The news from Honey’s Real Dog Food is that we have been thinking about soil and also about becoming better than carbon neutral. (My name, by the way, is Jonathan Self and I founded Honey’s.) I was in love with soil as a child, of course. I played with it, rolled around in it and – if photographic evidence is to be believed – ate it. When I became interested in growing things I understood, in an abstract way, that it was important to care for the stuff. It is only more recently, however, that I have come to realise the essential wisdom of Lady Balfour’s remark: ‘Health, whether of soil, plant, animal or man, is one and indivisible.’

In Britain the nutritional value of food is falling, and the reason is that we aren’t looking after our soil, which, according to a 2017 government paper will cease to be fertile as early 2047. I mention this because here at Honey’s HQ we have just read Defra’s annual agricultural report which contains a great deal of worrying news, including the fact that the amount of land being converted to organic farming methods has reduced by 15% and there are now half the number of species of birds in Britain compared to 1970.

Thankfully, it is not all doom and gloom.
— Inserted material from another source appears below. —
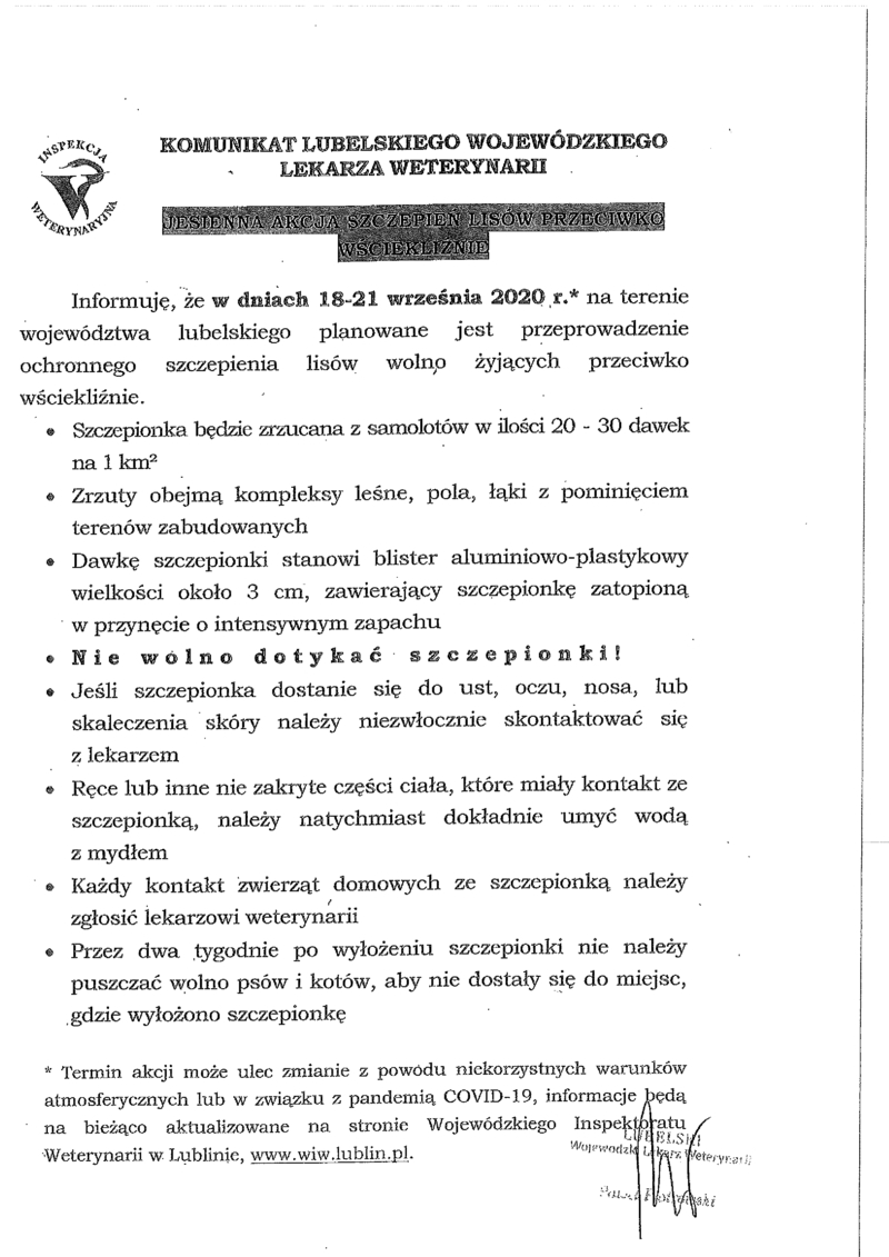 KOMUNIKAT LUBELSKIEGO WOJEWÓDZKIEGO LEKARZA WETERYNARII

By making considered food choices you can rest assured that you are not supporting the massive agri-food sector and its destruction of soil and the environment. What do I mean by ‘considered food choices’? If you are choosing a raw dog food it means checking that your supplier uses only certified organic, wild or free range meat for all of its recipes. More, that it only uses genuinely British ingredients to keep dog food miles down to a minimum.

By doing so you are saying ‘no’ to over-farming, the unnecessary use of chemical fertilisers/pesticides, the destruction of biodiversity and cruelty to farm animals. You are saying ‘yes’ to food from small scale, British producers who put the welfare of their animals and the soil before commercial gain. I won’t pretend that buying ‘real’ food won’t cost you slightly more, but I hope you will view it as a small price to pay compared to the two massive benefits it offers: it is fantastic for the environment and it is fantastic for whoever is eating it.
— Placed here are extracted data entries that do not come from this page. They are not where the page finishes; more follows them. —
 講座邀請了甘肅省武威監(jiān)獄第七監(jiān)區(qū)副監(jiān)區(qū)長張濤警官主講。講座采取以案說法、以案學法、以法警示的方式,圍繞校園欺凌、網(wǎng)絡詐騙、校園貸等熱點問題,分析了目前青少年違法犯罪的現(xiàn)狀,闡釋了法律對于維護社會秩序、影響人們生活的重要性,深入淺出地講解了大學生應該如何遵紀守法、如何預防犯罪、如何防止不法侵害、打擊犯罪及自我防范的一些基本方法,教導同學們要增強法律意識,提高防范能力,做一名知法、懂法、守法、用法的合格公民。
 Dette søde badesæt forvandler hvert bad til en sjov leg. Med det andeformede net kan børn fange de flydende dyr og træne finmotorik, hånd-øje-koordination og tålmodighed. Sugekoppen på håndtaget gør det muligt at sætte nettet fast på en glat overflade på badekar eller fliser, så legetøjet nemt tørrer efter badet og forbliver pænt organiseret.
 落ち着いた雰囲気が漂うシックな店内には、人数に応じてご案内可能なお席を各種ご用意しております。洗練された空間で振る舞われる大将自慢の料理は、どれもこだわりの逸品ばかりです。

Which brings us to an important point: ‘Let,’ in the words of Hippocrates, ‘food be thy medicine.’ And, while I am quoting (this time Erasmus): ‘Prevention is better than cure.’ Whether you have two legs or four, if you eat food with a higher nutritional value, avoid food that has been intensely farmed and do not rely on artificial (and often hidden) supplementation, you will enjoy a longer, healthier and happier life. I will go further: it is my belief that the financial saving to be made in medical costs over the long term (bearing in mind that it can take years for nutritional deficiencies to show up) will outweigh the additional expense. There is some Australian research, incidentally, that shows feeding a raw, essentially wild meat diet to dogs can reduce vet bills by 80%.
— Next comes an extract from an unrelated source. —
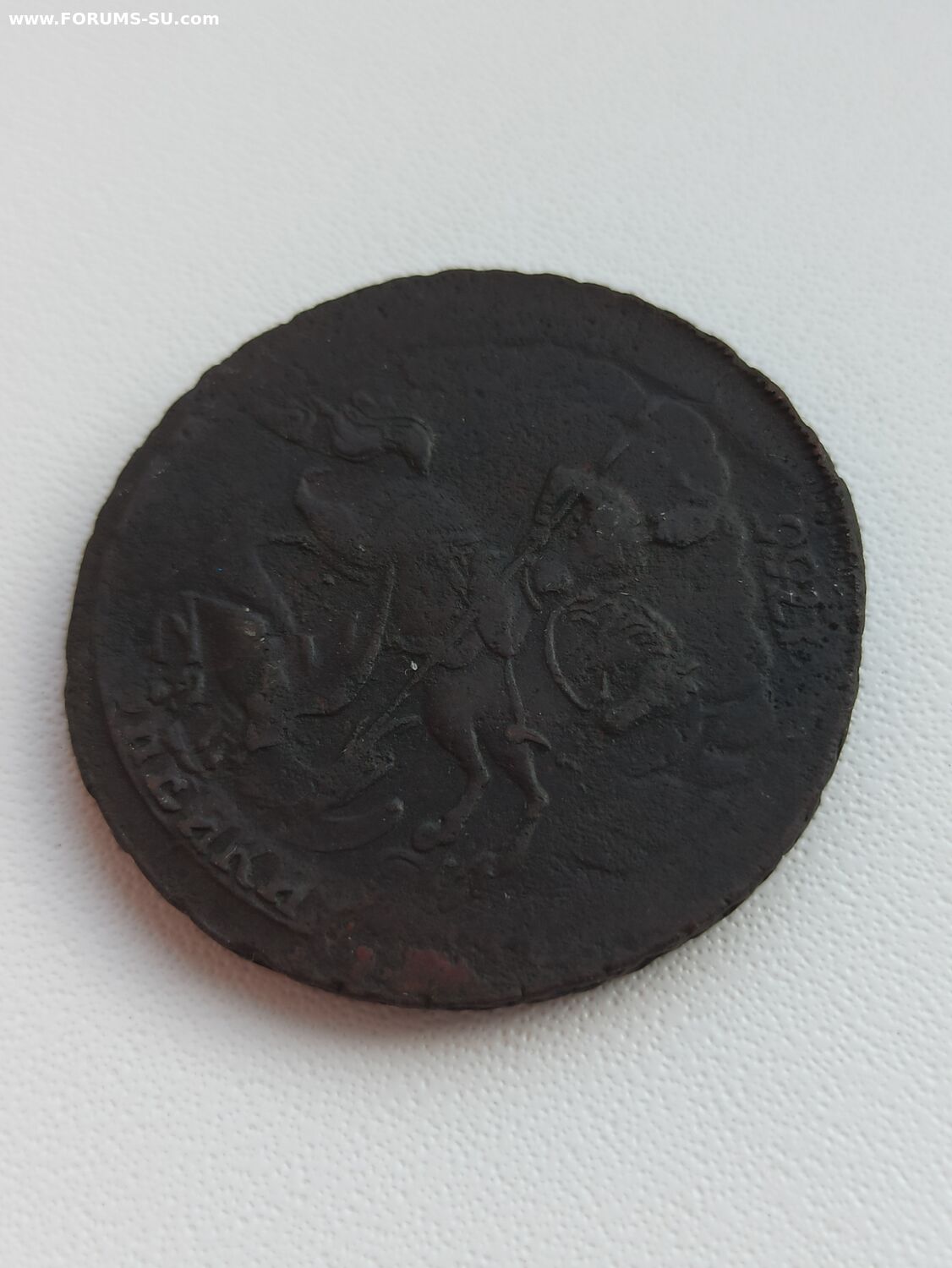 Две копейки 1757 года перечекан из Облачной копейки 1755 года.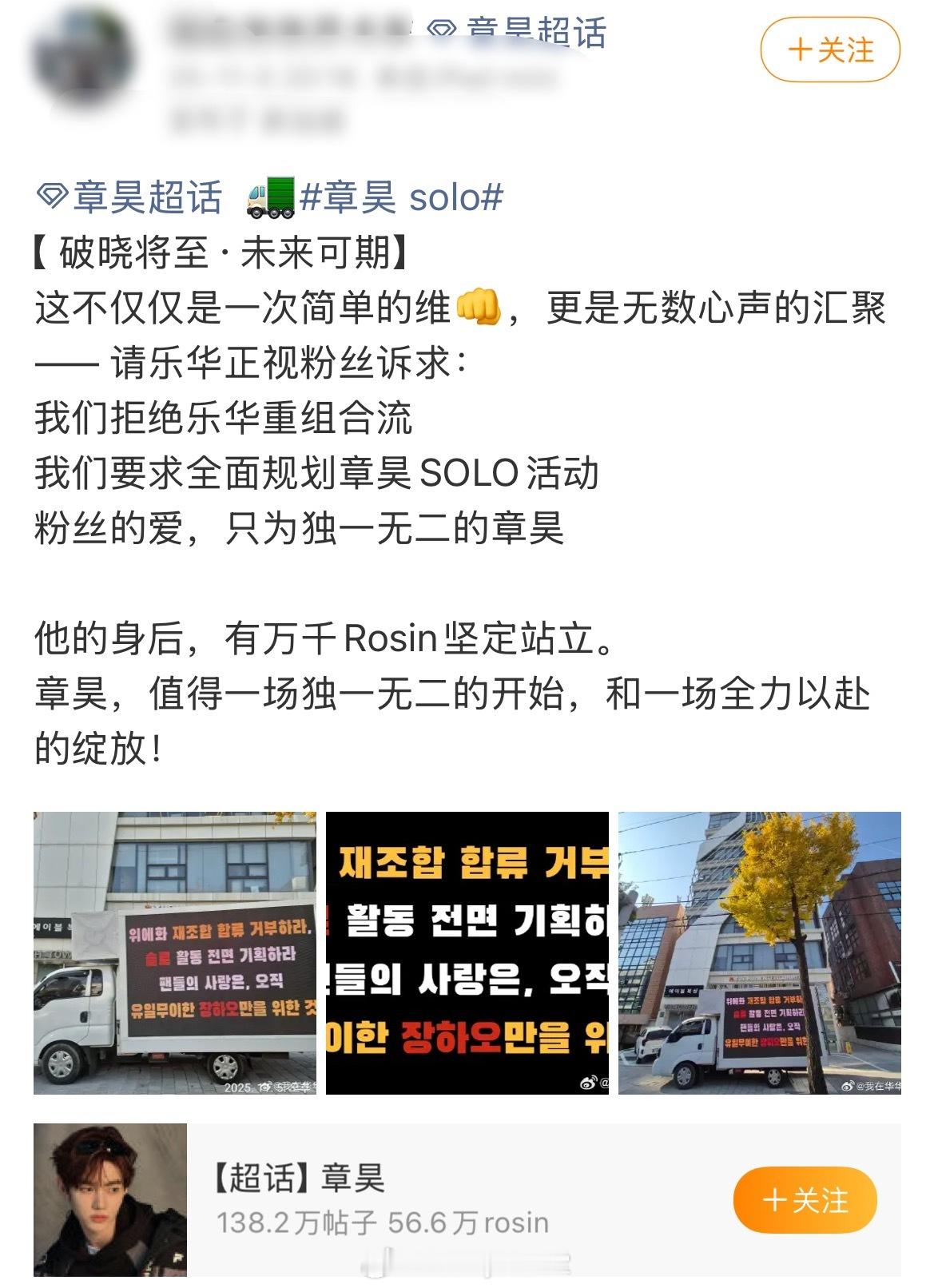 章昊粉丝再次进行卡车维权,要求章昊solo,拒绝组合重组!如果solo出道的话,会回内娱吗

Here at Honey’s we do our best to make good decisions, from our choice of local producers to our recyclable packaging. We are signed up to 1% for the Planet and ISO 14001. We are carbon neutral and certified-organic. But we are far from complacent. We want and need to do more. In this regard, we have been hampered by what might be called pandemic-related logistical issues. Nevertheless, we are constantly reviewing are carbon footprint – especially our packaging and delivery. We also have a plan to become ‘better than carbon neutral’, that we hope to have in place by early next year.

Which brings me to a related topic. I don’t like to show off, oh, hang on a moment, yes, I do! Last month I became a trustee of the Rainforest Trust. It is by no means the largest of the land conservation charities in the world. The Nature Conservancy or World Wildlife Fund are many times larger. Even so, the Rainforest Trust has saved over 24 million acres of tropical forest from destruction in the last 30 years. The Honey’s plan to become ‘better than carbon neutral’ is linked to the work being done by Rainforest Trust. A sort of ‘home and away’ policy.

Back to soil. As Aldo Leopold the famous conservationist said: ‘Land is not merely soil, it is a fountain of energy flowing through a circuit of soils, plants and animals.’ President Roosevelt warned: ‘The nation that destroys its soil, destroys itself.’ Something we all need to remember every time we go food shopping.